The VPS Route: Start Today, Upgrade Later

This is what I did. Cheap ($5-12/month), always on, accessible from anywhere, no hardware investment. You can start today.

I use Hostinger (not sponsored — I just chose it for the simplicity of their one-click setup), which has built an incredible one-click OpenClaw setup through their Docker integration. Go for the KVM 2 configuration. It handles all the prerequisites, installs OpenClaw, gives you a gateway UI, and walks you through connecting your models and setting up Telegram as your first channel. Friction basically eliminated.

You can have RonBot running and connected to Telegram within an hour.

Hostinger one-click OpenClaw deployment page

The Mac Mini Route: Full Power, Future-Proof

If you want everything local, more horsepower for running local models, and full control, a Mac mini is the gold standard. Honestly, I would've taken this approach, but I'm waiting for the next hardware refresh to go this route myself. Local-first privacy, iMessage integration, better browser automation, residential IP for sites that block data center IPs.

The tradeoff: hardware cost (~$600), limited availability (Apple Stores are selling out!), another device to manage, but electricity is negligible on M-series chips.

OpenClaw logo above Apple Mac mini — the gold standard for local deployment

My recommendation: Either go buy a Mac mini today, or start on VPS now and upgrade to Mac mini later for full power.

What you'll need to get started:

  • A Hostinger account (or any VPS provider)
  • A Telegram account
  • An Anthropic API key (for Claude) or OpenAI API key
  • Your second brain — an Obsidian vault, a folder of markdown notes, or any knowledge base you want your AI to access
  • 1-2 hours for initial setup

Step-by-Step: From Zero to RonBot

1. Spin Up Your OpenClaw Instance

Go to Hostinger, click their OpenClaw project, and let it deploy.
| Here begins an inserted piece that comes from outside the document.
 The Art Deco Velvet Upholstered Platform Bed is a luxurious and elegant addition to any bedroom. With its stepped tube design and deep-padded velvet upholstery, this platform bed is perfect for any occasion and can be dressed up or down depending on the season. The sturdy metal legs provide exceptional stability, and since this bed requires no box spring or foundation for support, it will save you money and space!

Grab a coffee. This takes about 10 minutes.

2. Configure Your Models

During the one-click setup, OpenClaw walks you through this. You'll connect Claude (or your model of choice), set your API keys, and configure how it should behave. This is where you define who your "RonBot" actually is.
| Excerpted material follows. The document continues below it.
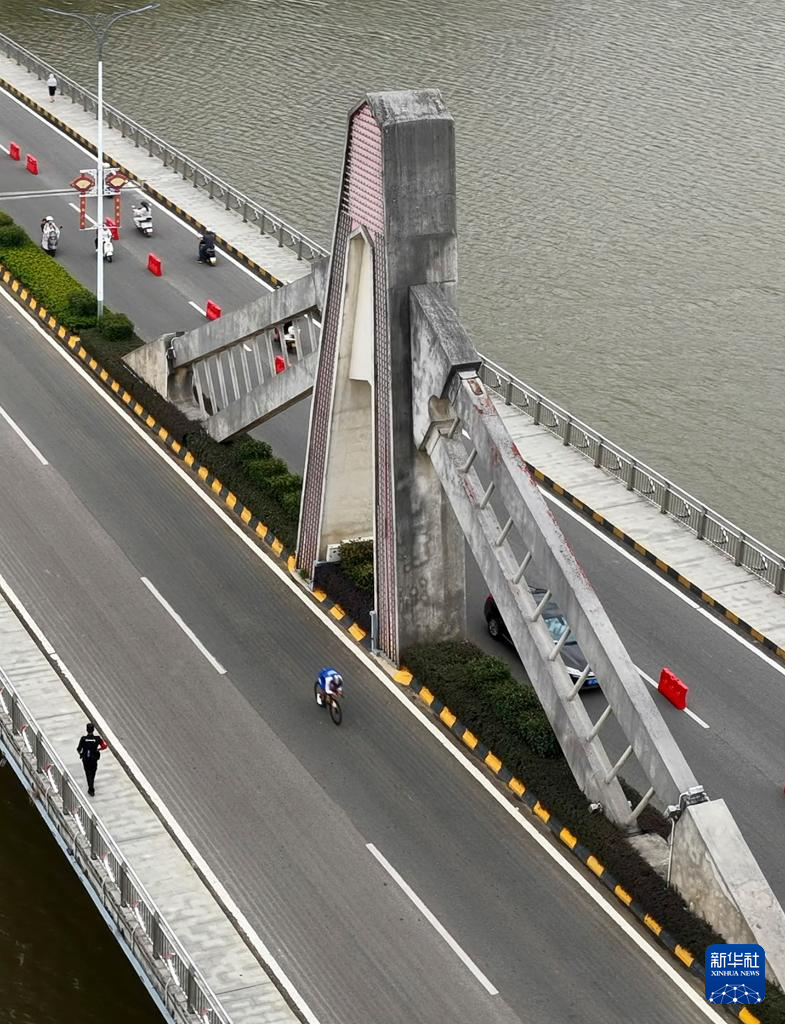 9月23日,參賽選手在比賽中騎行(無人機照片)。

Pro tip: If you have a good conversational vibe going with ChatGPT or Claude, ask it to write a markdown set of instructions on its personality. Then paste it in when your new OpenClaw wakes up and asks about itself.

3. Access Your Gateway

Once setup is complete, you'll land in the gateway — your OpenClaw control panel with a built-in chat interface. This is where you talk to your new assistant for the first time.

4. Connect Telegram

Use the gateway chat to ask your OpenClaw how to connect Telegram. It will walk you through messaging the BotFather to create a Telegram bot, grabbing your API token, and wiring it up. Send your first test message. Once your bot responds on Telegram for the first time, you can start using this as your primary communication channel. Test that voice and picture messages work.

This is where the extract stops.